Aux Éditions Michel Lafon, c’est un suspense psychologique à l’ambiance fort particulière que nous propose Thomas Chagnaud avec “L’autre”…
Cécile Moreau tient une échoppe de fleuriste au marché de ce quartier parisien. Âgée de trente-sept ans, c’est une jeune femme solitaire et discrète. Le jour de la Fête des Mères, on la retrouve quasi-morte dans son appartement. Cécile est défigurée, tout le bas du visage ayant été arraché. Hospitalisée, après quinze jours de coma, elle est à nouveau consciente. Un vieux policier paternel accepte sa version des faits. Elle prétend que c’est son rottweiler qui lui a massacré le visage en voulant la sauver. Cécile n’a pas l’intention de livrer la vérité, ni cette soirée orgiaque qui a mal tourné, ni aucun de ses secrets. “Sa vie suivait ce terrible destin, comme s’il avait été écrit par avance. Peut-être par elle-même. Si incroyable que cela puisse paraître, elle ne se percevait pas en victime. Elle se vivait en actrice. En auteur de son existence. En responsable de sa tragédie.”
Pourquoi survivre, alors qu’elle a fui dix-neuf ans plus tôt une famille qui ne lui offrait aucune affection. Avec un père qui n’était pas le sien, son vrai géniteur ayant abandonné sa mère. Installée à Paris, Cécile crut trouver l’amour grâce à des rencontres via Internet. Son amant dominateur l’initia à des jeux pervers, avant de la quitter brutalement. La dérive sexuelle se poursuivit pour Cécile. Ces détails, elle finit par les confier à Michelle, sa voisine de marché qui alerta les secours. Néanmoins, ayant du temps pour penser à sa décevante vie passée, Cécile garde un esprit suicidaire. Disposant du visage d’une jeune femme de son âge décédée dans un accident, le chirurgien lui propose une greffe réparatrice. “Peut-être était-ce une chimère ? Mais ce matin-là, Cécile eut envie d’y croire.”
Tandis que sa mère apprend par la presse le cas de sa fille, Cécile rentre bientôt chez elle, où elle bénéficiera de rééducation orthophonique. S’adapter au visage nouveau qui est désormais le sien, retrouver une féminité, ce n’est pas si aisé. Elle pense encore à ses trois agresseurs, se demande s’ils constituent un danger pour elle. Ayant renoué relativement avec sa mère, Cécile apprend que deux autres femmes ont été tuées dans des circonstances identiques à son propre cas. Face aux gendarmes de Versailles qui l’ont convoquée, elle maintient sa version des faits. L’officier de gendarmerie n’est pas dupe mais, même en soulignant qu’elle entrave leur enquête, il ne peut la contraindre à dire la vérité. Toutefois, il existe un doute suffisant pour continuer leurs investigations. Depuis peu, un inconnu semble attiré par Cécile, rôdant autour de son échoppe. Pour la première fois sans doute, sa vie croise un homme prêt à l’aimer…

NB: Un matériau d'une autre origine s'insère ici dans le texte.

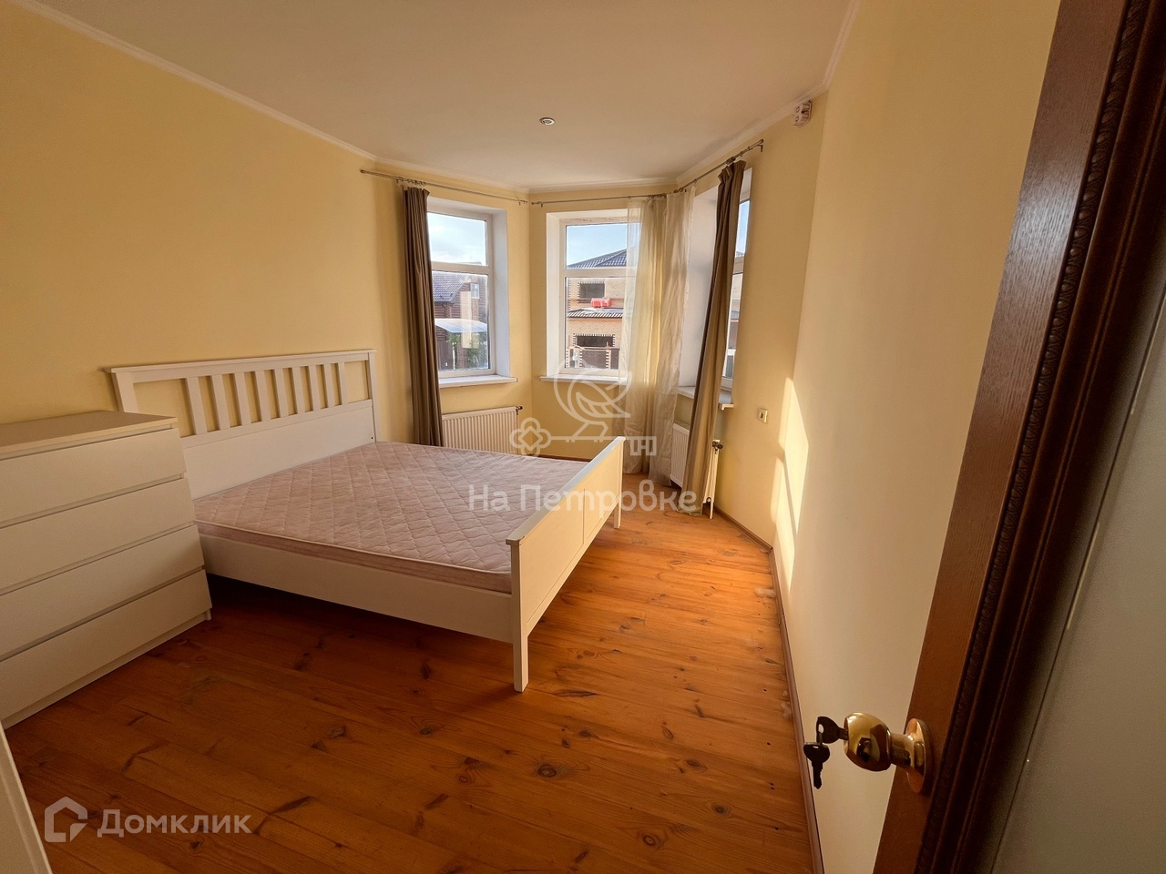 Внутренняя отделка: стены – штукатурка и краска. Полы в холле, кухнях и ванных комнатах в плитке, в спальне полы из ламината. Лестницы – деревянные, одна  монолитная, плитка на ступенях. Потолки из  гипсокартона. Двери деревянные, шпон.
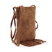 Tonal stitching accentuates this western inspired fringe accented crossbody.
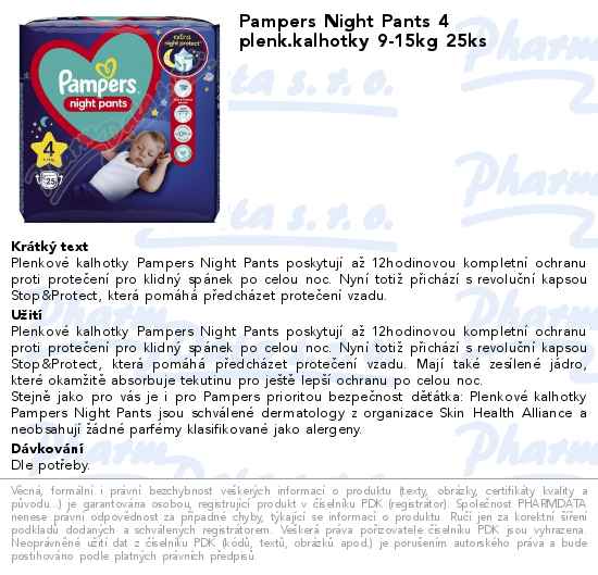 Pampers Night Pants 4 plenk.kalhotky 9-15kg 25ks
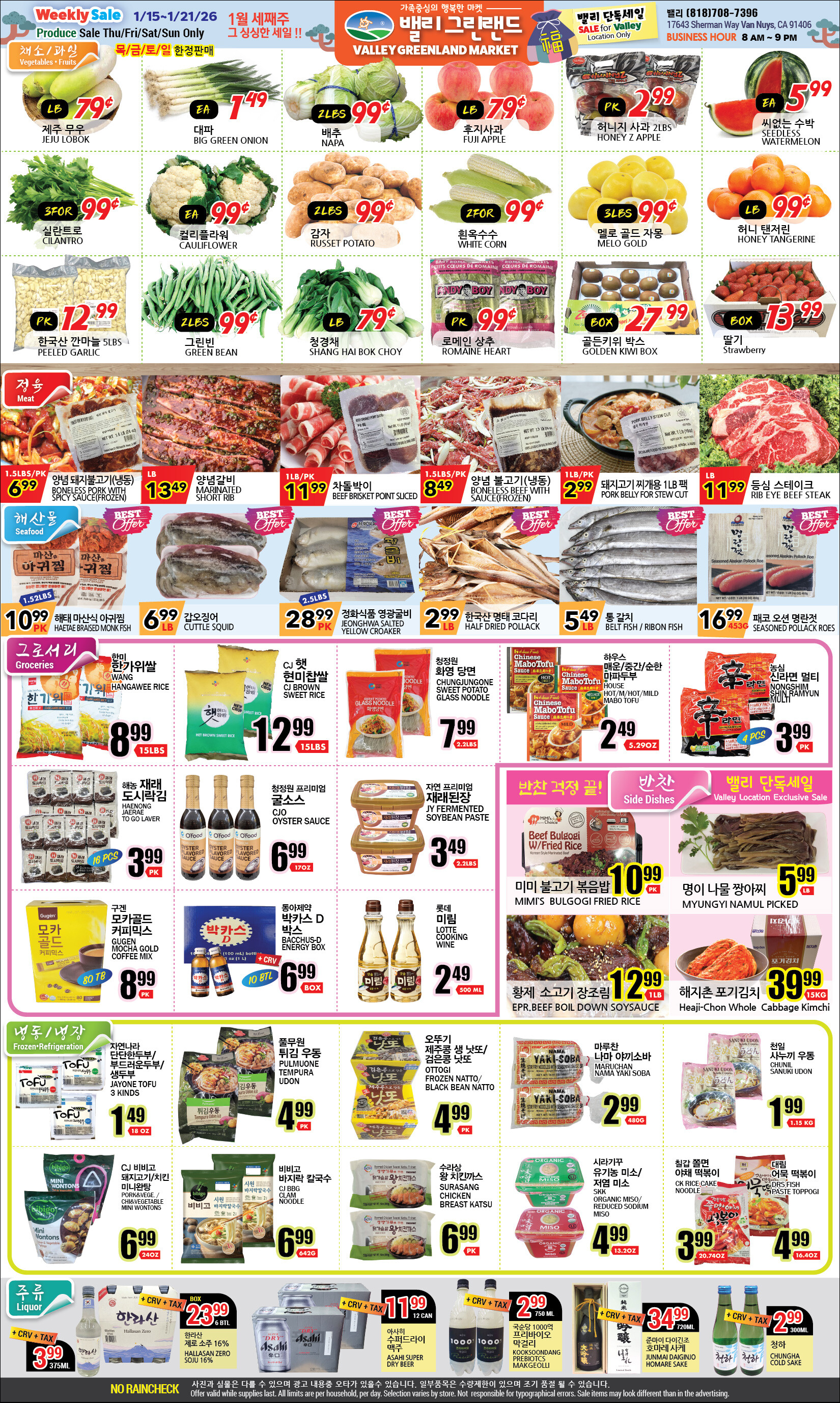 밸리 단독 그린랜드 마켓 1월 세째 주 그 싱싱한 세일 !!

Ce roman tire certainement son origine de l’histoire d’Isabelle D., qui perdit une partie de son visage quand son labrador essaya de la réveiller suite à une tentative de suicide. Elle fut opérée avec succès au CHU d’Amiens en novembre 2005. Bien que l’auteur soit journaliste, il ne s’agit pas d’un reportage mais d’un suspense psychologique. C’est le mot qui convient, car l’héroïne de cette fiction est habitée par les échecs qui ont depuis toujours gâché son existence. Éternel sentiment d’abandon de la part des hommes, depuis son vrai père jusqu’à cet amant qui l’a conduite à la soumission sexuelle. Déchéance choisie, inéluctable, qui l’a menée au drame. Se reconstruire apparaît possible, malgré tout. Notons deux légers défauts : la menace du trio d’agresseurs est trop superficielle envers Cécile, et le cas médical de son frère n’a guère d’intérêt. Pour le reste, l’intrigue est bien servie par une narration juste. Le récit transmet de l’empathie pour la jeune femme, sans la rendre pitoyable. Et la dernière partie réserve diverses surprises. Un bon polar, plus gris que noir, qui ne déçoit pas.